## INSTRUCTIONS TO FOLLOW
If pictures appear among the lines below, leave them out while you return exactly the lines from the one with "- 『昭和二十七年度末持分表』札幌酪農業協同組合 ※氏名・出資口数・出資金額・据置貯金" through the one with "Zenana Neon Moon".

## DATA FOR PROCESSING
* * *

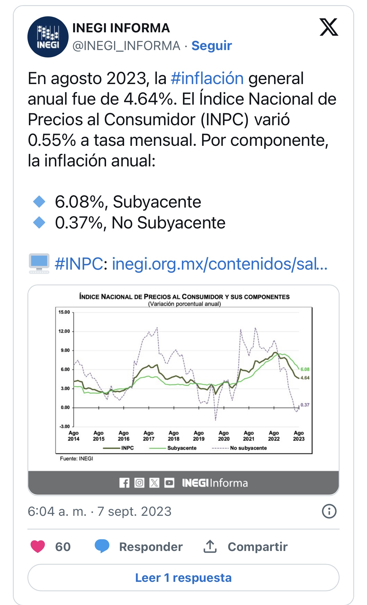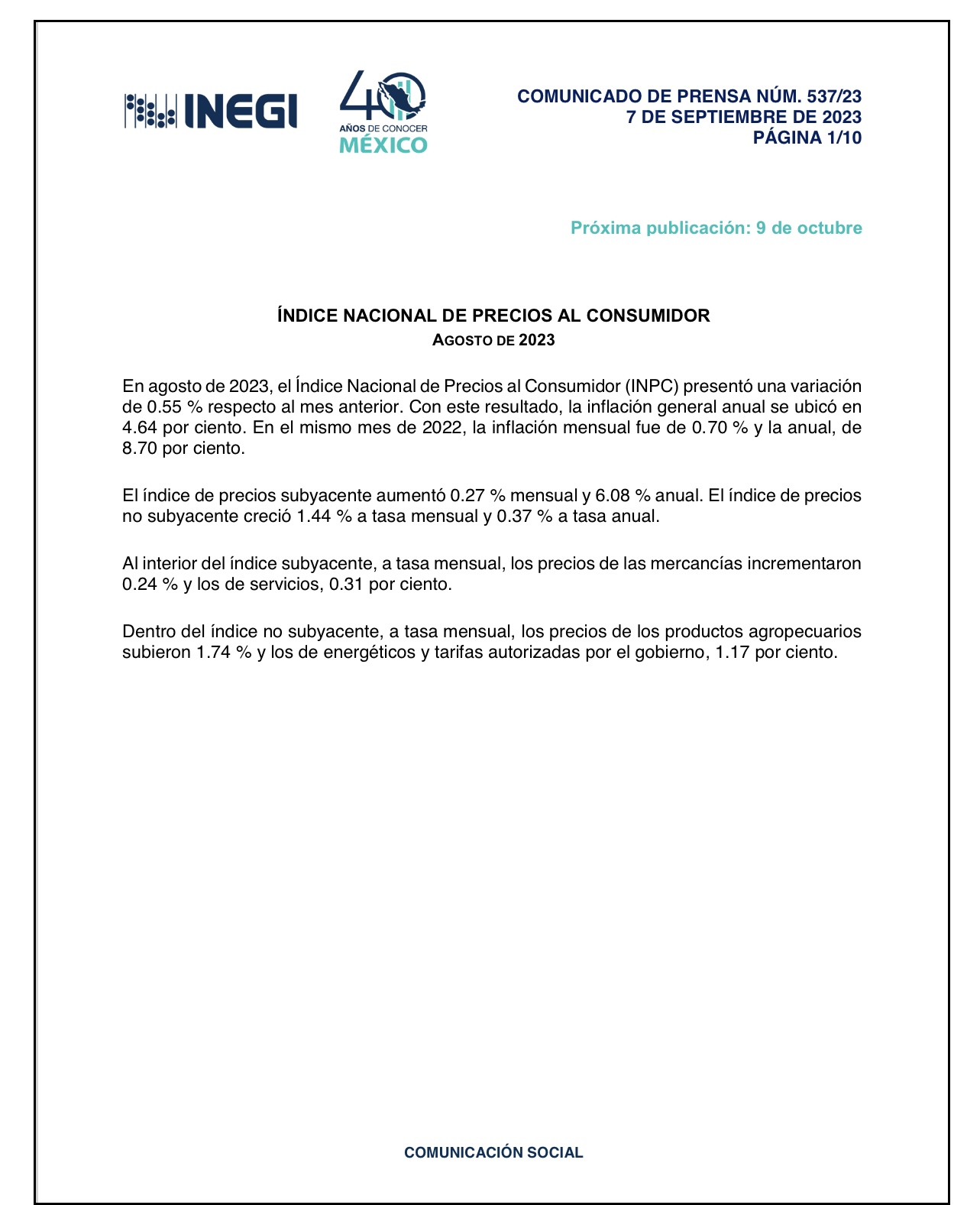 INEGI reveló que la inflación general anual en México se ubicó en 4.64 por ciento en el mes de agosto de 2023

* * *

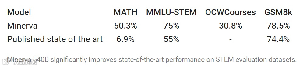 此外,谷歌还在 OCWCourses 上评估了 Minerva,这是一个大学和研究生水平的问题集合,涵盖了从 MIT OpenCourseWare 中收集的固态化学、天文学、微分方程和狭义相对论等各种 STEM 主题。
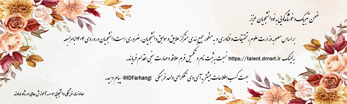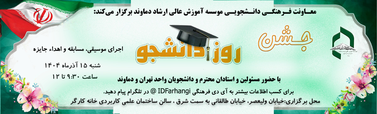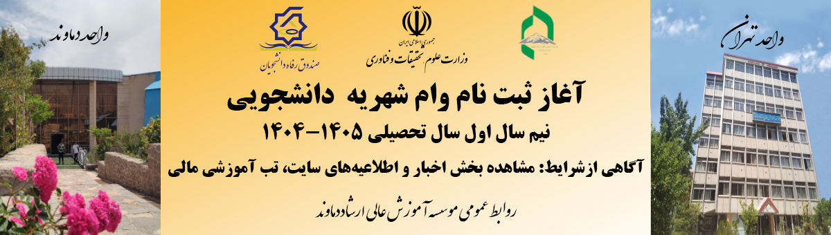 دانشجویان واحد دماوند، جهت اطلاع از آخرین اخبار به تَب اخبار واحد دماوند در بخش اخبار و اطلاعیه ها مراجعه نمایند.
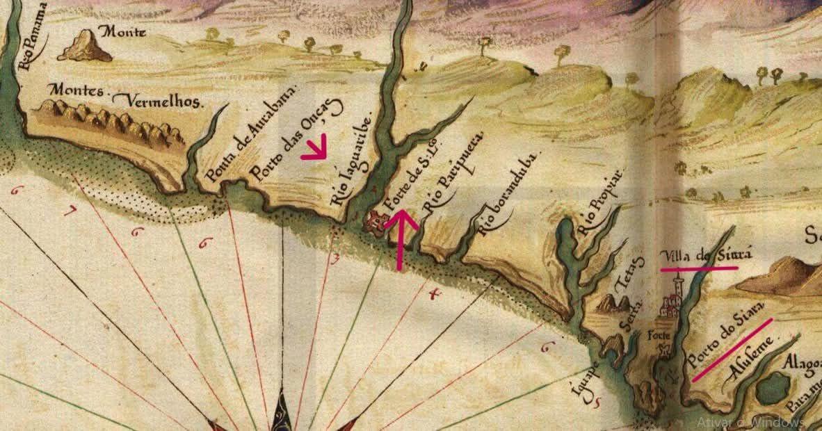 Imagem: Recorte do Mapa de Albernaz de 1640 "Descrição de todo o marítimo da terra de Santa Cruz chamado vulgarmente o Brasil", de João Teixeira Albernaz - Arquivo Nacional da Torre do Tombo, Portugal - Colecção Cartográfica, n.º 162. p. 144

* * *

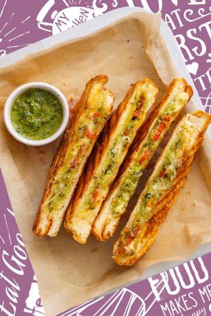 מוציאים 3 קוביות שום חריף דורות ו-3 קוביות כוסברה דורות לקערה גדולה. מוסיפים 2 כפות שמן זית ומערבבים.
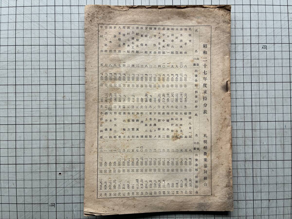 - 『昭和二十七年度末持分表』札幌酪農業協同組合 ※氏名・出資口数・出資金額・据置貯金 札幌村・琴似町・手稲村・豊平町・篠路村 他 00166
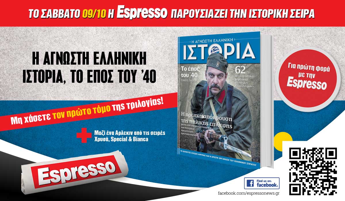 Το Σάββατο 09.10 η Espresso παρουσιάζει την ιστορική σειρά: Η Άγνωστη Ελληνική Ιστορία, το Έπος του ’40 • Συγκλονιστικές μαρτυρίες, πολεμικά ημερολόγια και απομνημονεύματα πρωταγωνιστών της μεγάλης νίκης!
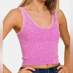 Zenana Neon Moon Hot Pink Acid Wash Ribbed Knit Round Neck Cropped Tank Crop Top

* * *

## OUTPUT BELOW
 - 『昭和二十七年度末持分表』札幌酪農業協同組合 ※氏名・出資口数・出資金額・据置貯金 札幌村・琴似町・手稲村・豊平町・篠路村 他 00166
 Το Σάββατο 09.10 η Espresso παρουσιάζει την ιστορική σειρά: Η Άγνωστη Ελληνική Ιστορία, το Έπος του ’40 • Συγκλονιστικές μαρτυρίες, πολεμικά ημερολόγια και απομνημονεύματα πρωταγωνιστών της μεγάλης νίκης!
 Zenana Neon Moon Hot Pink Acid Wash Ribbed Knit Round Neck Cropped Tank Crop Top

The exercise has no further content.